L’ex capo dell’ufficio legale dell’Eni, Massimo Mantovani, è accusato di aver organizzato un depistaggio per condizionare l’inchiesta sulla più grande mazzetta della storia italiana. Quella da 1,1 miliardi che Eni, secondo la procura di Milano, avrebbe pagato per ottenere il giacimento nigeriano Opl 245. E per questo motivo, su mandato del procuratore aggiunto di Milano Laura Pedio, ieri la Guardia di Finanza ha perquisito la sua abitazione e il suo studio. Per l’Eni, però, si tratta di un vero accerchiamento giudiziario. Nella stessa giornata, infatti, i militari della Finanza hanno arrestato il pm di Siracusa Giancarlo Longo, accusato con un altro avvocato legato a Eni, Piero Amara, di associazione per delinquere finalizzata alla corruzione.

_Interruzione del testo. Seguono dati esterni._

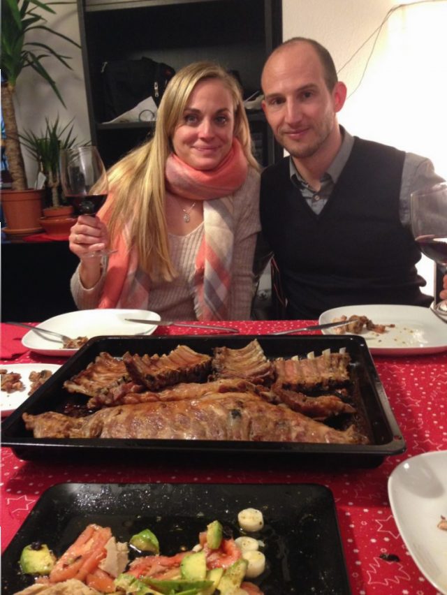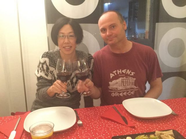 オーブンで二時間近く。私がすることといったら野菜を切ったり、お皿を並べたり。ふと気づいて鑑用植物に水をやったり。そのうちインマ&ホセ夫妻が現れた。
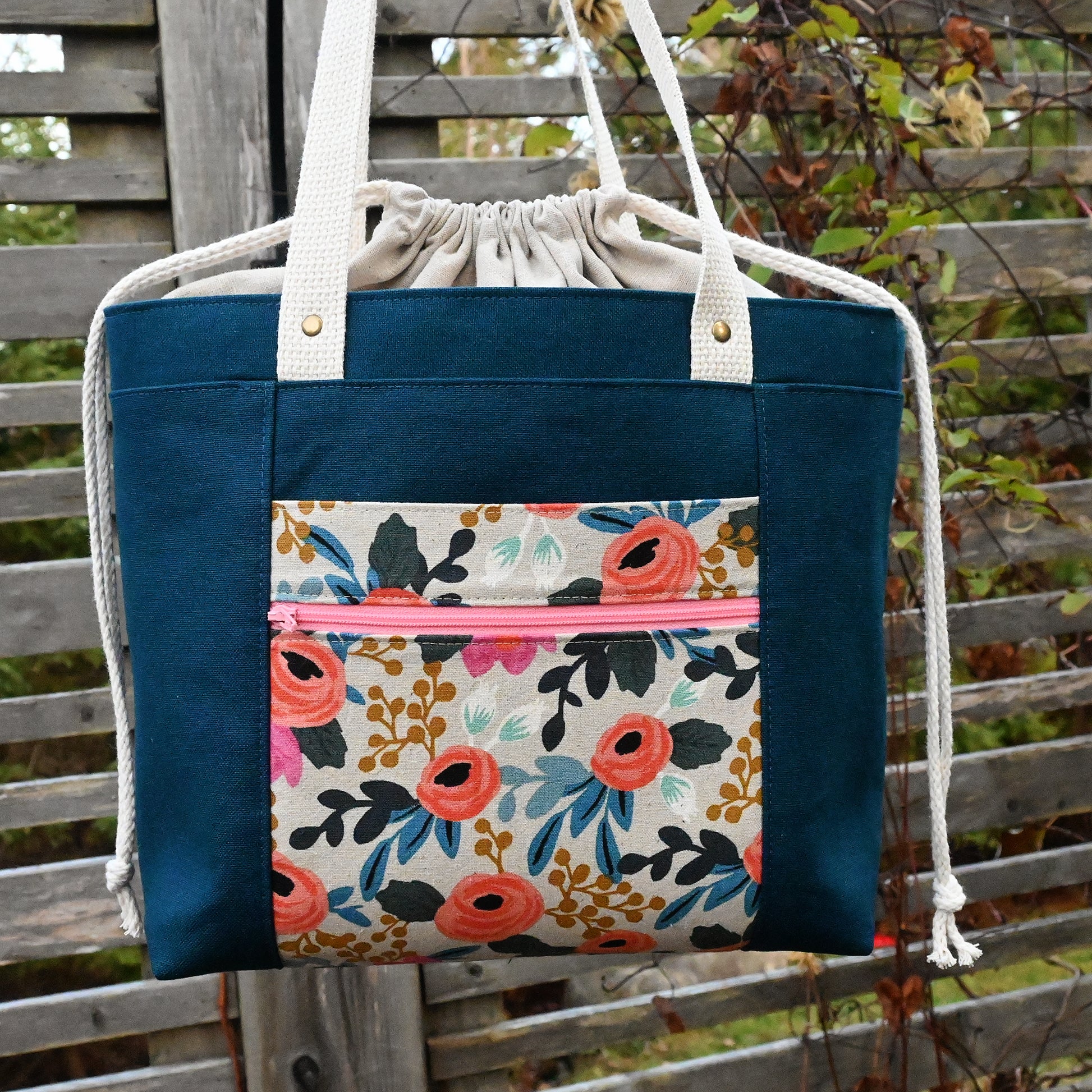 The Teal Rosa Project Tote is thoughtfully designed for makers who love both fun and function. The exterior is made from a sturdy teal cotton canvas and paired with a striking print in Rifle Paper Co's Les Fleurs Rosa Natural canvas.
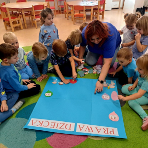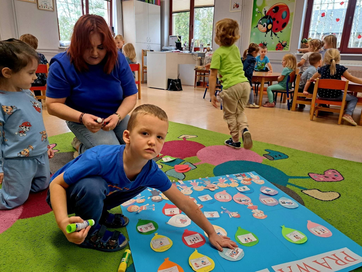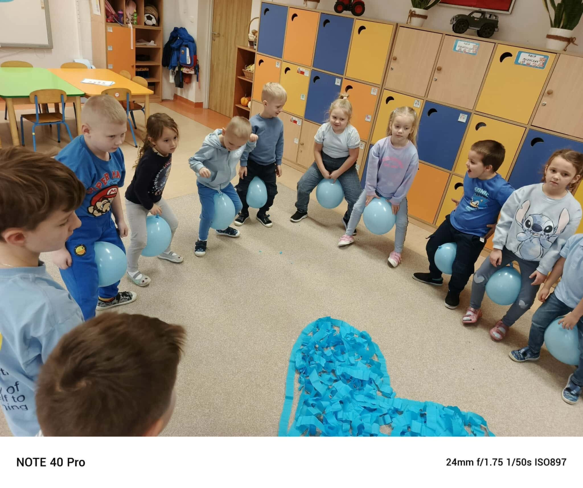 W dni 20 listopada w grupach Tygrysków i Biedroneczek świętowano Międzynarodowy Dzień Praw Dziecka w radosnej i twórczej atmosferze.Dzieci uczestniczyły w zabawach muzyczni - ruchowych, które wprowadziły je w pełen energii nastrój. Podczas zajęć każda grupa realizowała własne, wyjątkowe zadania. Tygryski wykonały niebieskie serduszka, wkładając w nie mnóstwo kreatywności i zaangażowania. Biedroneczki tworzyły plakat dotyczący oraw dziecka, rozmawiając o tym, jak ważne jest, by każde dziecko było kochane, bezpieczne i szanowane. W tym wyjątkowym dniu rozdawane były także balony, które sprawiły dzieciom wiele radości.
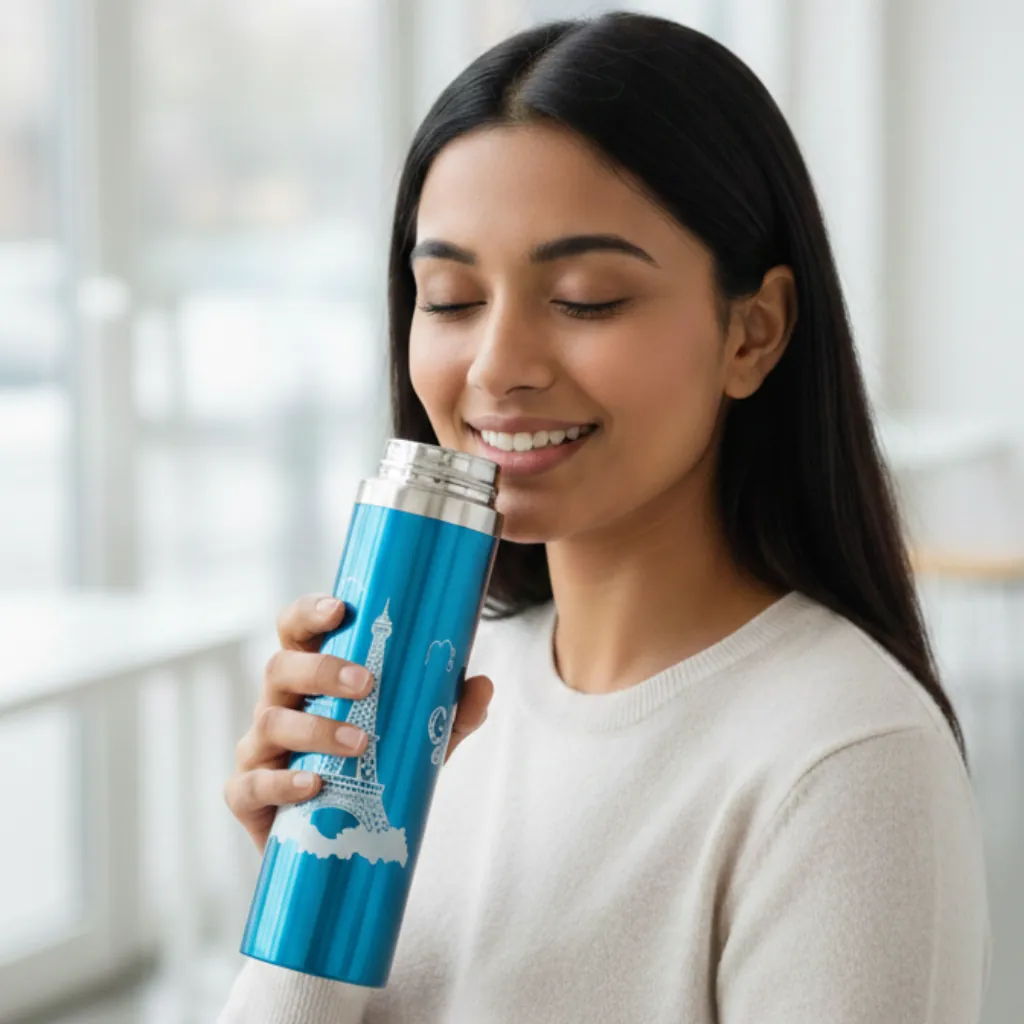 The elegant Eiffel Tower print gives it a premium and modern look, making it perfect for school, office, travel, gym, and outdoor use. The attached carry strap makes it easy to hold and carry anywhere.

Il pm avrebbe incassato 88mila euro per istruire un fascicolo nel quale l’ad di Eni, Claudio Descalzi, imputato a Milano per la maxi-tangente, figurava come vittima di un complotto ordito da due consiglieri del colosso petrolifero, Luigi Zingales e Katrina Litvak, che Longo provvedeva a iscrivere ingiustamente nel registro degli indagati. Una storia che i nostri lettori conoscono sin dall’inizio, nell’estate 2016, quando – in modo solitario – il Fatto raccontò questa inchiesta, spiegando che Siracusa si spingeva a ipotizzare pure un secondo complotto che avrebbe visto come vittima l’ex premier Matteo Renzi. I nostri articoli spinsero il Copasir, il comitato parlamentare che vigila sull’intelligence, a intervenire. Il faro acceso dal Fatto sull’inchiesta ha prodotto un risultato che lo stesso Longo, intercettato mentre parla con due suoi colleghi, spiega così: “… a luglio … comincia… gli articoli del Fatto … sparano un po’ di cazzate… così chiama il Copasir… il Copasir richiama … e lui è cominciato ad andare un pò in panico su questa cosa…”.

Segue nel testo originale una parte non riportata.